For myself, I had been thinking about, reading about, visiting and even giving courses on intentional communities for five years. The experience of Lorillard made it absolutely clear to me that this was indeed what I wanted to try in my own life: That much of what I had long dreamed about was workable and even more rewarding than I had dreamed. And so, ten of us—eight adults(four from Lorillard) from 19 to 45 years old, and two children 2 1/2 and 5—recently began an intentional community 110 miles from New York City. One of our goals is a different way of raising children—being with, teaching, leaving alone, learning from and sharing a life-way exploration—naturally and organically, as we live together and deal with our daily life needs and impulses. We are exploring communal child-rearing (a far richer concept and practice than teaching) in a flexible, experiential way as an integral part of exploring who we are ourselves and how we live. Let me see if I can describe and give some feeling for what we're about.

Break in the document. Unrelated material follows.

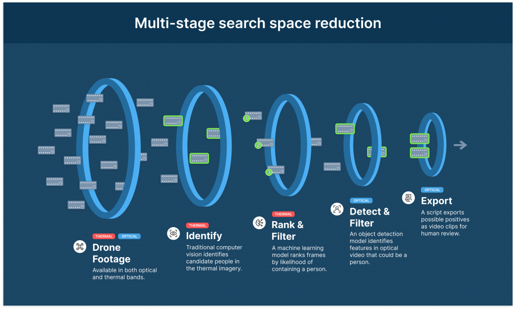 Given the hardware limitations of the Snowcone, running hours of drone footage through a machine learning model would be prohibitively time consuming. Instead, we adopt a two-stage approach where the video is first cut down (to the bits most likely to contain humans) by a light-weight model using thermal imagery and then further refined by a larger object detection model using optical imagery.

We have no especially-labelled persuasion (Marxism, vegetarianism, Walden-II-ism, religion, primitivism or whatever), and no plan to fulfill. Finances are communal as much as people like—in practice, virtually all. Everyone puts in what he earns (or what we earn in our developing communal enterprises) and takes from the pot as he sees fit. We are moving toward a simpier life-way, spending less, doing more for ourselves with what is at hand, making greater use of inner resources and depending less on ourside diversions, eating more healthily (the meals are great!), gardening organically and doing our best to be aware of ecology and do well by our planet.

Increasingly, we are raising the children communally though the primary focus on their parents remains. Similarly, we are given to non-exclusiveness and multiple relationships while still tending to focus on primary pairings.